Security desk: Russia Attacked US Troops in Syria
If you’ve “been listening just to the Kremlin and the Pentagon,” observes Bloomberg’s Eli Lake, you probably don’t realize “that Russia attacked American forces and their allies in Syria last week, suffering heavy casualties.” The official line is that while Russian “mercenaries” participated in the attack, they “had gone rogue, and Moscow didn’t know anything about it.” That’s why Defense Secretary Jim Mattis expressed his bewilderment at the attack — because acknowledging “the obvious,” that “the Kremlin authorized a direct assault on a US-sponsored base by non-uniformed personnel,” risks “an escalation spiral in Syria.” US officials thus think it’s better to give Vladimir Putin “a chance to back down and deny culpability” — but also quietly say “there is no doubt that the Russian military knew all about the attack.”

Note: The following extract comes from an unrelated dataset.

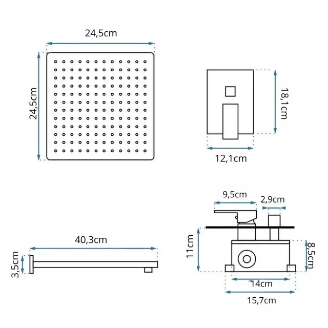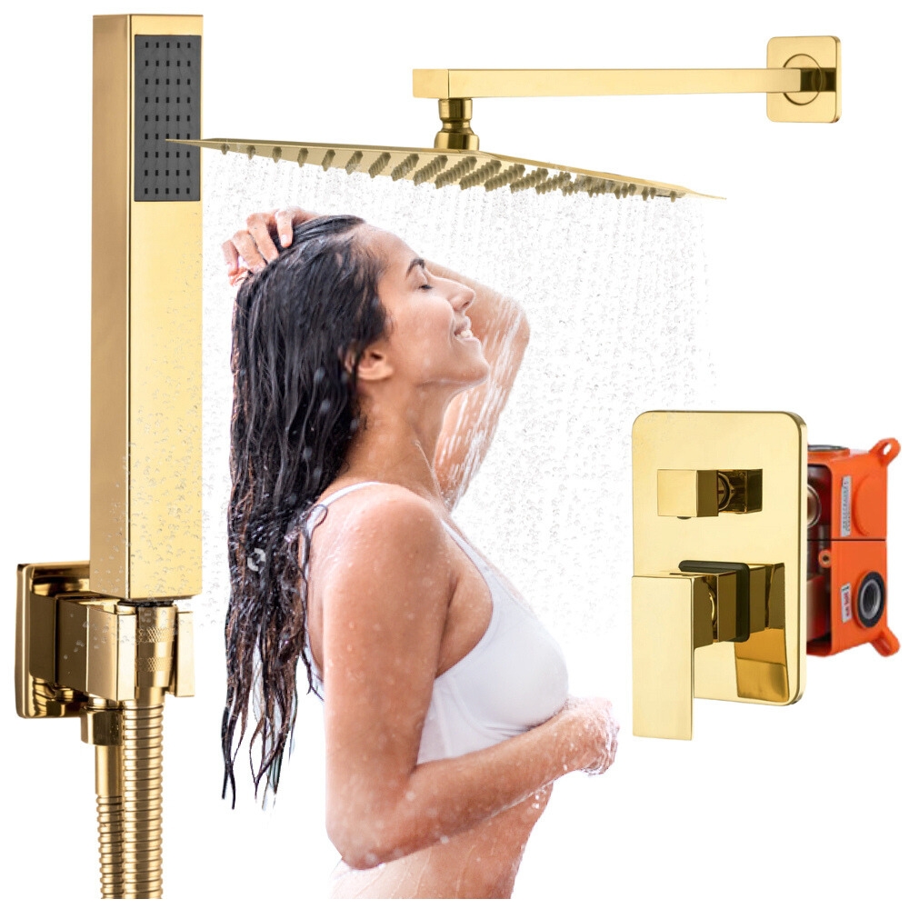 Pipa za tuš, glava za dežno prho, zlati sijaj, vgradna mešalna miza

Conservative: Gun Solution Requires Serious Trade-Offs
Finding a solution for gun violence can only involve “a trade-off,” says Dan McLaughlin at the Los Angeles Times: “accepting the unacceptable or restricting our freedoms.” Meaning a free press (“publicity gives oxygen to these kinds of acts, so restricting coverage will reduce copycats)”; the right to bear arms (“guns don’t cause human evil, but of course they make it easier to carry out”) and due process (“targeting potential mass shooters . . . requires us to curtail Americans’ civil rights before they have actually committed a crime”). The answers are only easy “if you are willing to sacrifice rights you don’t care about, [but] that other people do.” So “we have to acknowledge the nature of the choice before us: punish many innocent people or remain mostly defenseless against the malicious few.”

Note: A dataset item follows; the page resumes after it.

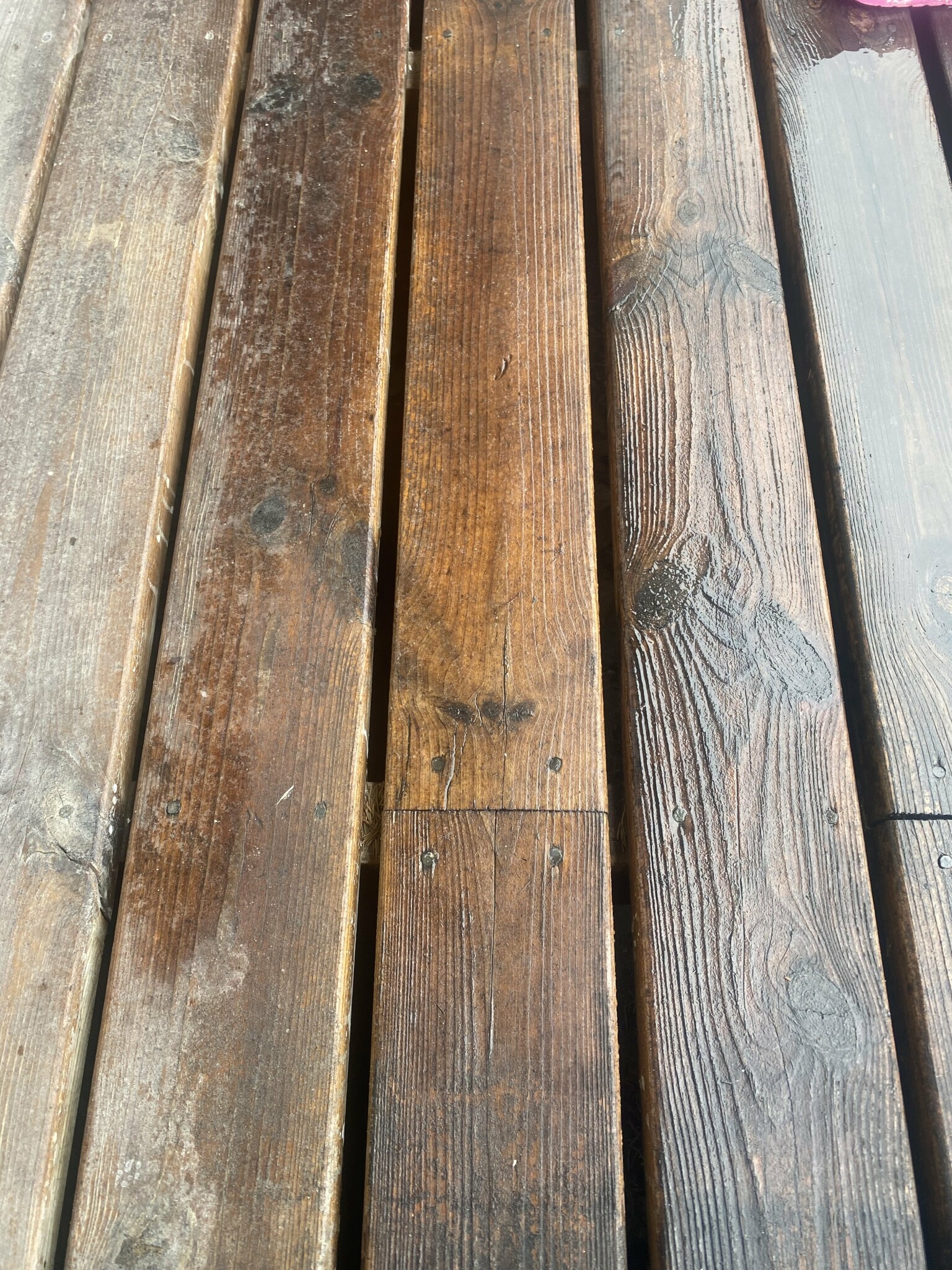 Fråga 1: Något tränat öga som kan ge svar på vad för trä som använts i denna altan från 1995?

Political scribe: Schumer Can’t Win on Immigration
Senate Democrats are giving Chuck Schumer “plenty of side-eye” over immigration, reports Time’s Philip Elliott. Indeed, “there is a strained patience” with the minority leader, who “traded away immigration for a broader spending bill.” And while legislators understand his strategy, they have “deep fears” about their “party’s loudest voices.” The Dems’ “energized left flank . . . wants a big deal, while pragmatists closer to the center want to focus on the immediate task of the Dreamers.” But a comprehensive deal is “too ambitious to chase with so little time and even less support for a big deal in the more conservative House.” Yet if “activists and donors sour on the Democrats in February, the climb to victories this November will get steeper.”

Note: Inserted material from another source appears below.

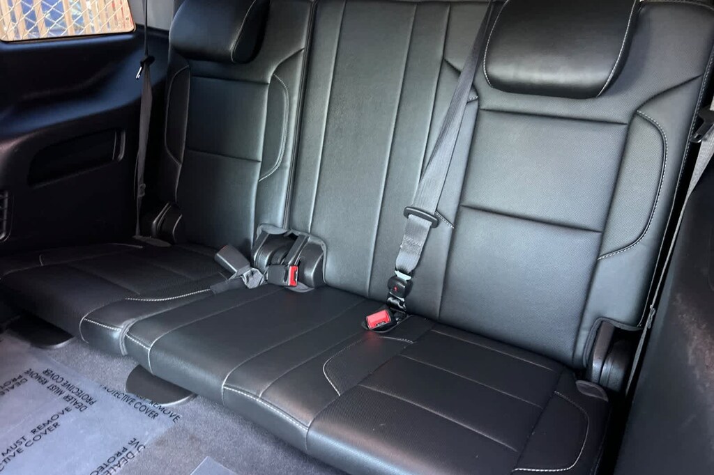 Features a, Premier trim. Nav System, Third Row Seat, Heated Leather Seats Back-Up Camera, Onboard Communications System, Auto-Off Headlights Rear Head Air Bag, Side Head Air Bag, Aluminum Wheels, Privacy Glass, Remote Trunk Release, Child Safety Locks, Heated Mirrors.. EcoTec3 5.3L V8 6-Speed Automatic Electronic with Overdrive RWD

Reporter: The Real Reason Romney’s Running
As expected, Mitt Romney on Thursday announced his candidacy for the US Senate from Utah. That actually makes him something of a carpetbagger, reports The Atlantic’s McKay Coppins, given that he was raised in Michigan and spent most of his adult life in Massachusetts. But he has since become “a full-throated pitchman for his adoptive home state — making the case that Utah’s distinctive brand of conservatism could offer a better way forward for the GOP and the nation.” Indeed, he’s “a true believer in the Utah model of governance — and he plans to make it a central theme of his campaign.” Meaning “he will champion a brand of Republicanism that he believes could be the antidote to Trumpism.”
From the right: Millions for Graffiti Makes It Uncool
Last November, a jury decided that the destruction of “an impermanent high-art graffiti gallery” in Queens violated a 1990 copyright law. Like many others, Alice Lloyd at The Weekly Standard was astonished by the “staggering” damages awarded this week by a judge, who imposed “the maximum damages possible and the largest sum ever awarded” for a violation of that law — “nearly $7 million” against building owner Jerry Wolkoff for the “crime of whitewashing his own walls.” This for “an art form still technically rooted in trespassing.” But what was once a crime has now become “a commercial strategy” — businesses see graffiti adding the “edge of underground vogue to a bland building.” However, asks Lloyd, “doesn’t the profit-conscious carefulness that comes with a commercialist embrace risk making the art itself, well, bland?”